To ensure high availability of a scalable resource group, make the group's node list a superset of the node list for the disk device group. Doing so ensures that the nodes that are directly connected to the disks are also nodes that can run the scalable resource group. The advantage is that, when at least one node connected to the data is up and in the cluster, the scalable resource group is running on those same nodes, making the scalable services available also.
For information on setting up disk device groups, refer to the Sun Cluster 3.0 Installation Guide. For more details on the relationship between disk device groups and resource groups, see the Sun Cluster 3.0 Concepts document.
The resource type SUNW.HAStorage serves the following purposes:
Coordinates the boot order by monitoring the global devices and cluster file systems and causing the START methods of the other resources in the same resource group that contains the SUNW.HAStorage resource to wait until the disk device resources become available.
With AffinityOn set to True, enforces colocation of resource groups and disk device groups on the same node, thus enhancing the performance of disk-intensive data services.
If the device group is switched to another node while the SUNW.HAstorage resource is online, AffinityOn has no effect and the resource group does not migrate along with the device group.
To determine whether to create SUNW.HAStorage resources within a data service resource group, consider the following criteria:
In cases where a data service resource group has a node list in which some of the nodes are not directly connected to the storage, you must configure SUNW.HAStorage resources in the resource group and set the dependency of the other data service resources to SUNW.HAStorage. This requirement is to coordinate the boot order between the storage and the data services.
If your data service is disk-intensive, such as Sun Cluster HA for Oracle and Sun Cluster HA for NFS, then we recommend that you add a SUNW.HAStorage resource to your data service resource group, set the dependency of your data service resources to the SUNW.HAStorage resource, and set AffinityOn to True. That way, the resource groups and disk device groups are colocated on the same node. On the other hand, if your data service is not disk-intensive-such as one that reads all its files at startup (for example, Sun Cluster HA for DNS), configuring SUNW.HAStorage is optional.

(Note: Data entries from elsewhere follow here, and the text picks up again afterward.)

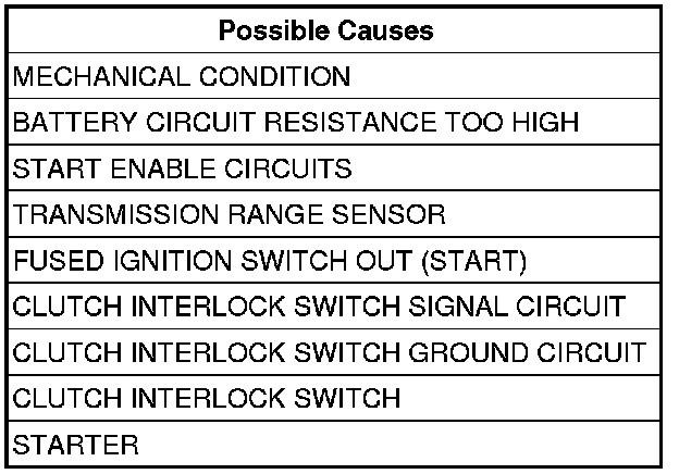 - Repair the Clutch Interlock Switch signal circuit.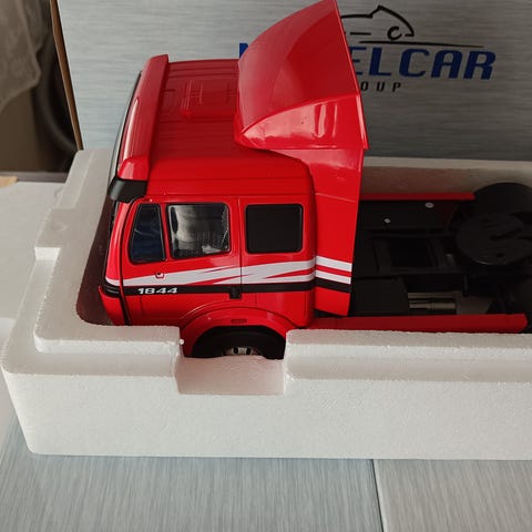 Mercedes AMG GT Black Series modellbil i oransje farge. Detaljert modell som representerer sportsbilen med karakteristiske sorte detaljer og AMG-logoer. Egnet for samling eller utstilling.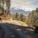 Von den Freizeitanlagen am Rossboden in Chur fuhr ich ein kurzes Stück am Stadtrand entlang nach Haldenstein. Hier begann der Aufstieg von der geräuschvollen Zivilisation in die zunehmend stille und abgelegene Natur. Die ersten Kurven auf einer Waldstrasse waren mit dem Gravelbike noch angenehm zu fahren. Danach ging es aber auf einem ziemlich holprigen und steilen Weg weiter zur Burgruine Grottenstein, die aktuell nicht weiter sehenswert war, da vollständig von einem Baugerüst verkleidet.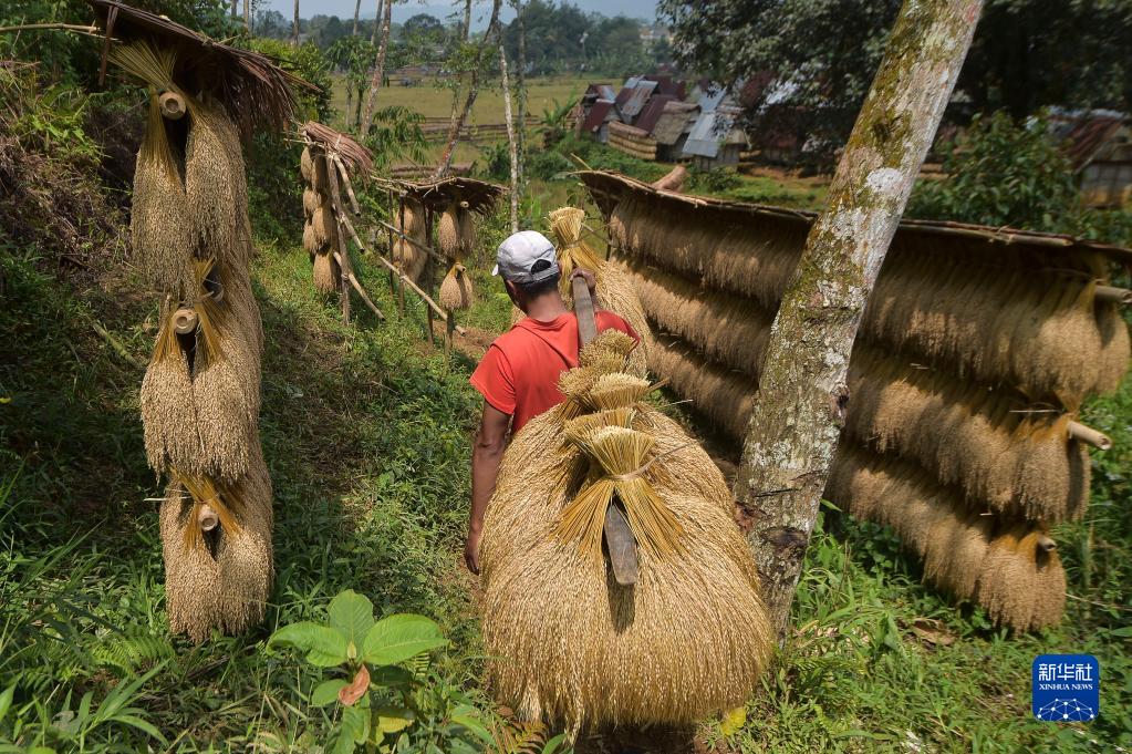 8月9日,農民在印度尼西亞萬(wàn)丹省奇托雷克村搬運稻谷。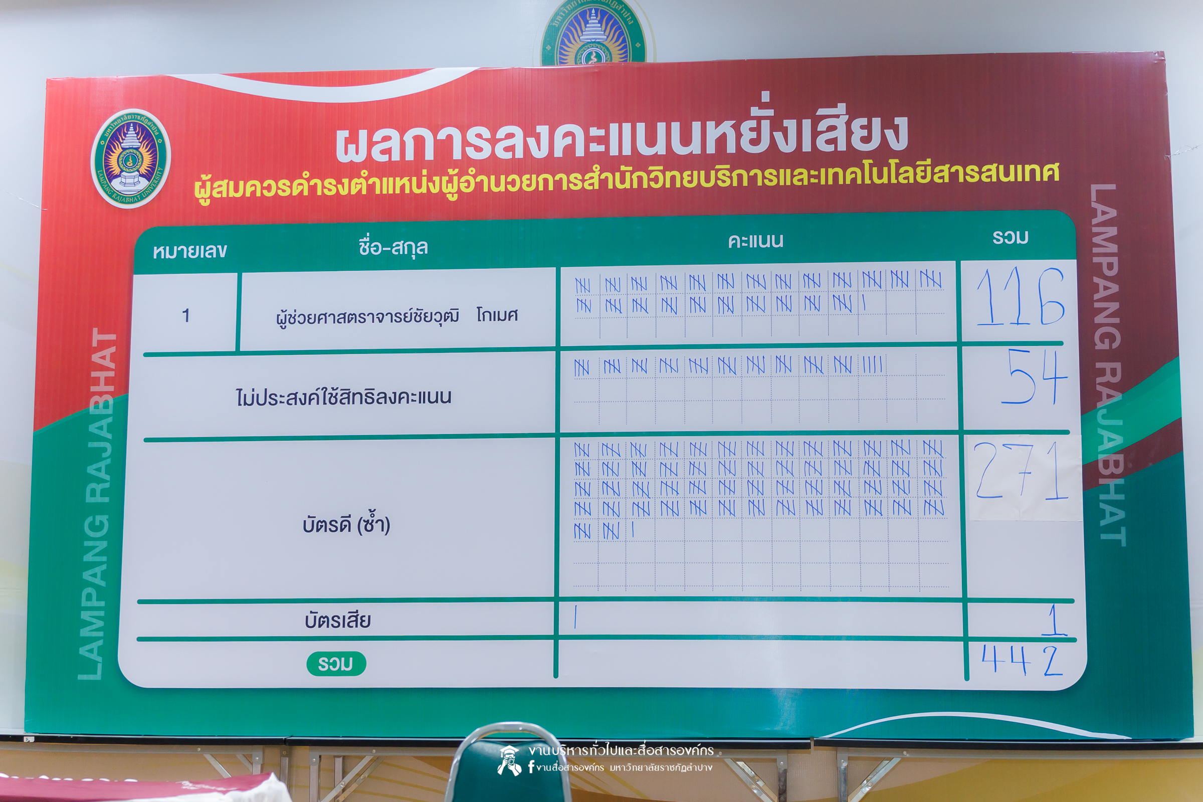 ผลคะแนนการหยั่งเสียงผู้สมควรดำรงตำแหน่ง ผอ. สำนักวิทยบริการและเทคโนโลยีสารสนเทศ มร.ลป.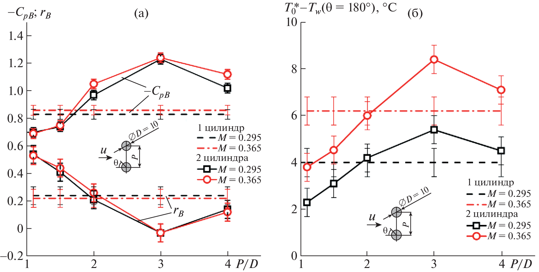 The influence of the distance between two circular side-by-side cylinders in a cross flow on the surface distribution of temperature and static pressure is experimentally studied. The studies were carried out at free-stream Mach numbers M equal to 0.295 and 0.365 and Reynolds numbers ReD equal to 6.4 × 104 and 7.9 × 104, respectively. The surface distributions of the pressure coefficient and the temperature recovery factor for one of the cylinders are obtained. It is shown that, depending on the distance between the cylinders, the pressure coefficient and temperature recovery factor can be both higher and lower than the values obtained in the flow over a single cylinder with the same free-stream parameters.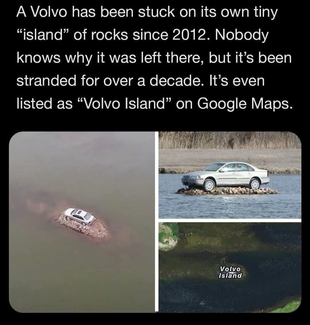 Volvo Island Posted on September 12, 2025 by markd60 Nee vacation spot? I think not. Read about it HERE, if you wish. Happy Friday! Have a good weekend!

If your cluster contains only two nodes, configuring SUNW.HAStorage is optional. However, if you plan to add nodes and run scalable services later on, you must configure SUNW.HAStorage at that time. To get prepared, you can go ahead and set up SUNW.HAStorage now and add nodes to the node list later.
See the individual chapters on data services in this document for specific recommendations.
For the procedure on how to set up SUNW.HAStorage, see "How to Set Up SUNW.HAStorage Resource Type for New Resources". Additional details are in the SUNW.HAStorage(5) man page.